**About this exercise**
For this exercise, repeat the records below exactly and omit every picture.

**Information shown**
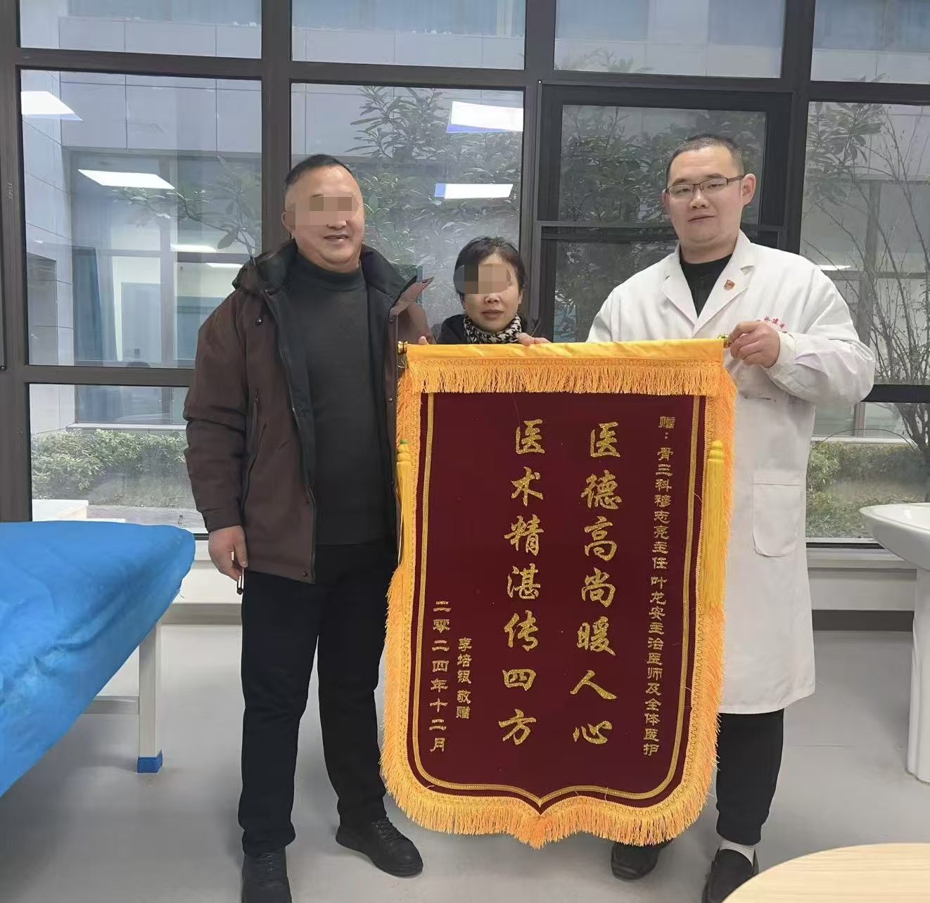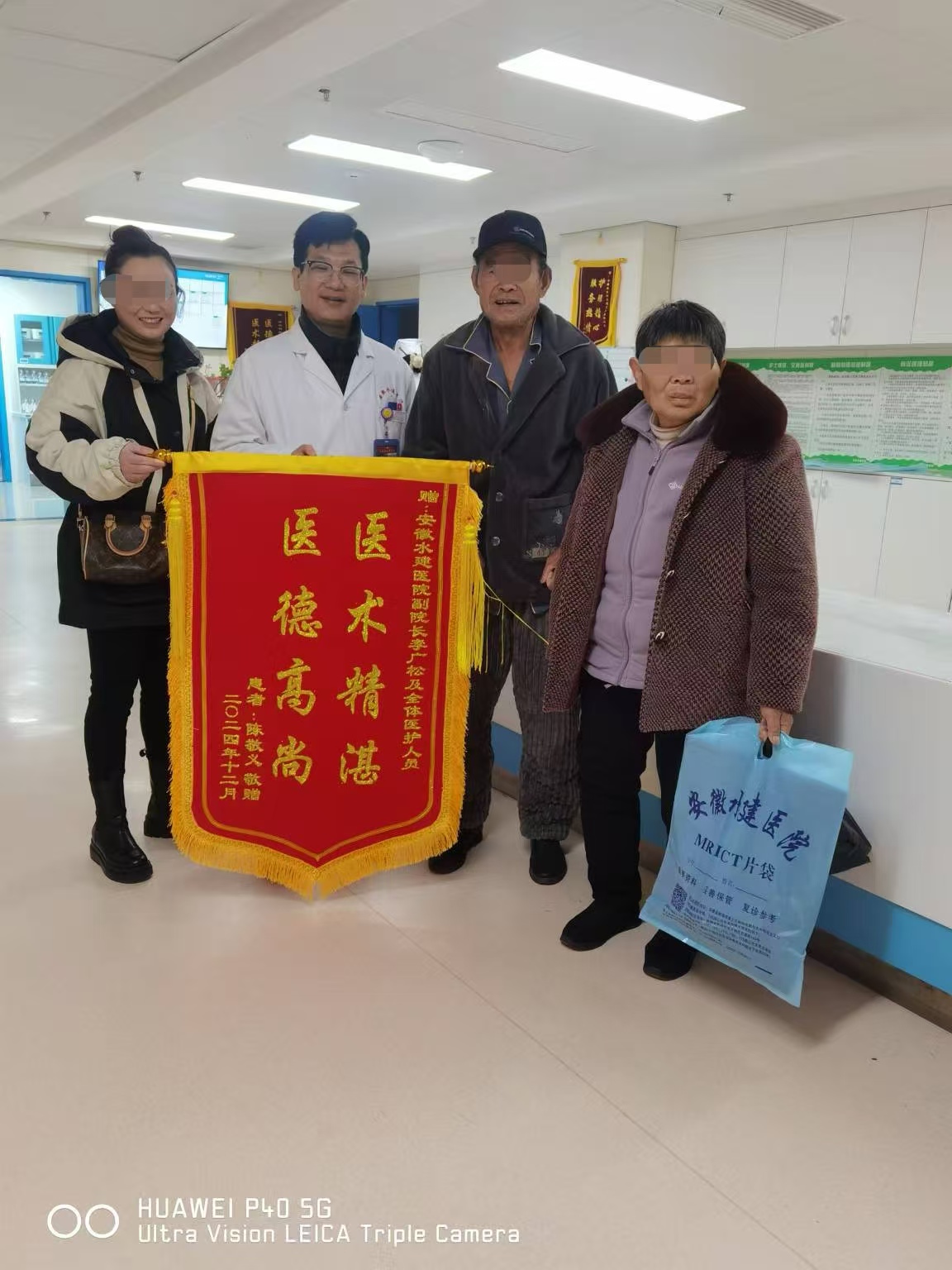 手術后,李先生恢復良好,他滿懷感激,特意攜家人一同送來錦旗,感謝穆主任和葉龍安醫生以及全體醫護人員。
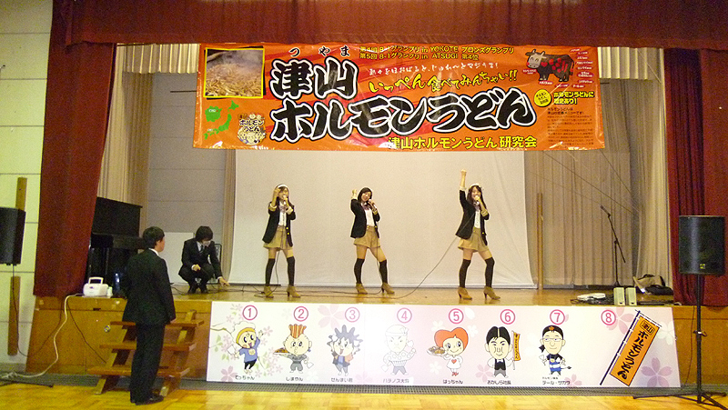 今回で3回目の出展となる津山ホルモンうどん研究会のB-1前恒例の壮行会が、下記の日程で開催されました。日頃応援してくださっている関係者の皆様をお招きし、B-1グランプリで提供するホルモンうどんを実際に調理し、味の最終チェックを行うとともに、配置や役割分担の確認、今回PRステージを担当してくださる津山ご当地アイドル「SakuLove(サクラブ)」や奈義町ダンスチーム「berrys(ベリーズ)」のパフォーマンスもご披露されました。姫路に津山の元気を持っていくことを合言葉に、研究会の意気込みを感じていただけたと思います。(参加費1,000円)
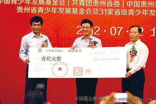 2012年7月12日,在中国青少年发展基金会、中国贵州茅台酒厂(集团)有限责任公司、共青团贵州省委、全国32家省级青少年发展基金会共同举办的“国酒茅台·国之栋梁——2012·希望工程圆梦行动大型公益助学活动”捐赠、启动仪式上,茅台集团向中国青少年发展基金会捐款1亿元人民币,面向全国31个省(区、市)及新疆生产建设兵团,按毎人5000元的标准,资助全国2万名考入二类本科以上院校、品学兼优、来自农村家庭经济困难的应届大学生。茅台集团的此次捐赠,是希望工程实施22年来一次性捐款数额最高、资助学生最多的一笔捐款。
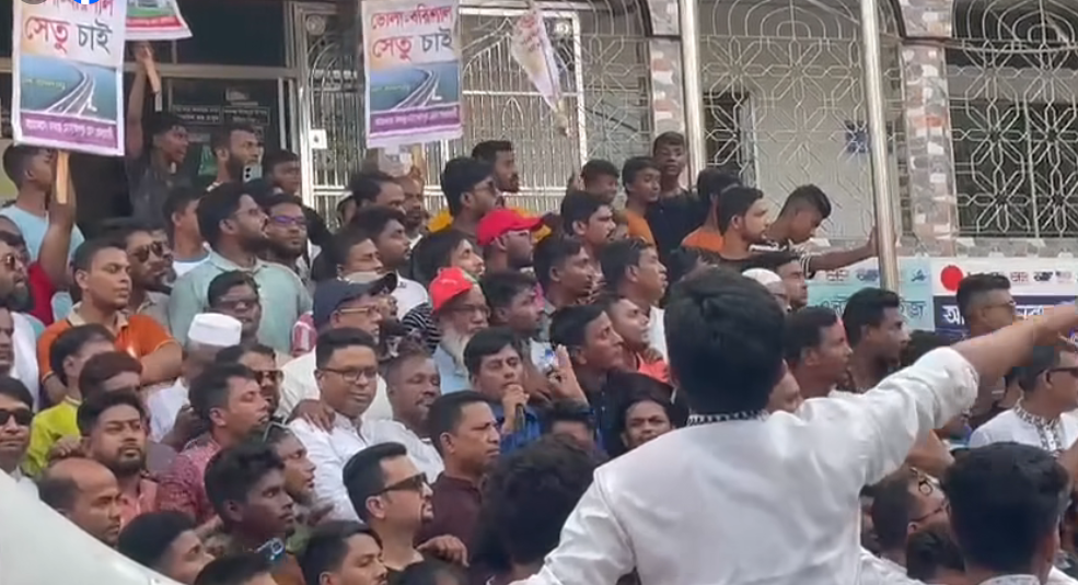 ‘ভোলা-বরিশাল সেতু চাই’ ব্যানারসহ নানা ফেস্টুন নিয়ে জুমার নামাজের পর থেকেই মোহাম্মাদপুরস্থ ভোলাবাসী সমাবেশস্থলে জড়ো হতে থাকেন। এসময় তারা নানা দাবিতে বিক্ষোভ করেন।
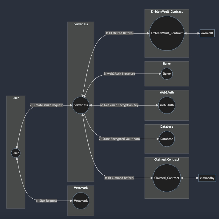In summary, the Emblem Vault Services is a decentralized application that enables users to create, mint, transfer, claim, and access encrypted data vaults on the blockchain. It uses a combination of smart contracts, authentication methods, and serverless functions to ensure the security and privacy of the user's data.
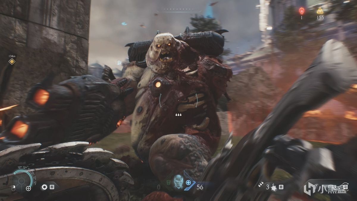 或者說鏈錘對爪牙、盾牌對利齒,甚至超級霰彈槍對血肉——你的破壞工具庫豐富多彩:除拳腳外,還有流星錘、可投擲的鏈鋸盾牌等兵器。使用它們的感覺美妙絕倫,每記攻擊都充滿分量感與粉碎快感,而毀滅戰士拖着 2000 磅裝甲哐當行進的姿態,以及慵懶揮動巨掌湮滅敵羣的畫面,彷彿這位猛男經歷了千年肌肉特訓。
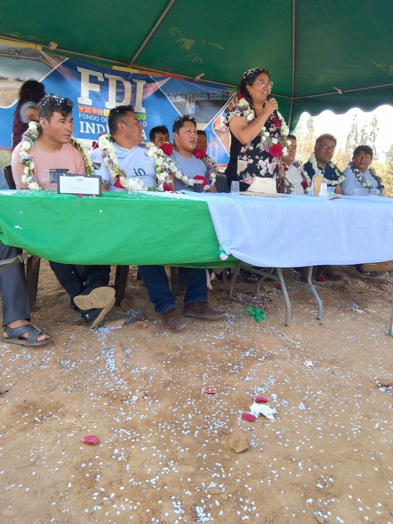 En su intervención la directora del FDI, dijo “gracias a la ejecución de proyectos que viene desarrollando nuestro hermano presidente Luis Arce y el Jilata David Choquehuanca son posibles, y permiten mejorar la calidad de vida de nuestra gente, impulsando el desarrollo de nuestros productores”, finalizó.

**Answer space**
 手術后,李先生恢復良好,他滿懷感激,特意攜家人一同送來錦旗,感謝穆主任和葉龍安醫生以及全體醫護人員。
 今回で3回目の出展となる津山ホルモンうどん研究会のB-1前恒例の壮行会が、下記の日程で開催されました。日頃応援してくださっている関係者の皆様をお招きし、B-1グランプリで提供するホルモンうどんを実際に調理し、味の最終チェックを行うとともに、配置や役割分担の確認、今回PRステージを担当してくださる津山ご当地アイドル「SakuLove(サクラブ)」や奈義町ダンスチーム「berrys(ベリーズ)」のパフォーマンスもご披露されました。姫路に津山の元気を持っていくことを合言葉に、研究会の意気込みを感じていただけたと思います。(参加費1,000円)
 2012年7月12日,在中国青少年发展基金会、中国贵州茅台酒厂(集团)有限责任公司、共青团贵州省委、全国32家省级青少年发展基金会共同举办的“国酒茅台·国之栋梁——2012·希望工程圆梦行动大型公益助学活动”捐赠、启动仪式上,茅台集团向中国青少年发展基金会捐款1亿元人民币,面向全国31个省(区、市)及新疆生产建设兵团,按毎人5000元的标准,资助全国2万名考入二类本科以上院校、品学兼优、来自农村家庭经济困难的应届大学生。茅台集团的此次捐赠,是希望工程实施22年来一次性捐款数额最高、资助学生最多的一笔捐款。
 ‘ভোলা-বরিশাল সেতু চাই’ ব্যানারসহ নানা ফেস্টুন নিয়ে জুমার নামাজের পর থেকেই মোহাম্মাদপুরস্থ ভোলাবাসী সমাবেশস্থলে জড়ো হতে থাকেন। এসময় তারা নানা দাবিতে বিক্ষোভ করেন।
In summary, the Emblem Vault Services is a decentralized application that enables users to create, mint, transfer, claim, and access encrypted data vaults on the blockchain. It uses a combination of smart contracts, authentication methods, and serverless functions to ensure the security and privacy of the user's data.
 或者說鏈錘對爪牙、盾牌對利齒,甚至超級霰彈槍對血肉——你的破壞工具庫豐富多彩:除拳腳外,還有流星錘、可投擲的鏈鋸盾牌等兵器。使用它們的感覺美妙絕倫,每記攻擊都充滿分量感與粉碎快感,而毀滅戰士拖着 2000 磅裝甲哐當行進的姿態,以及慵懶揮動巨掌湮滅敵羣的畫面,彷彿這位猛男經歷了千年肌肉特訓。
 En su intervención la directora del FDI, dijo “gracias a la ejecución de proyectos que viene desarrollando nuestro hermano presidente Luis Arce y el Jilata David Choquehuanca son posibles, y permiten mejorar la calidad de vida de nuestra gente, impulsando el desarrollo de nuestros productores”, finalizó.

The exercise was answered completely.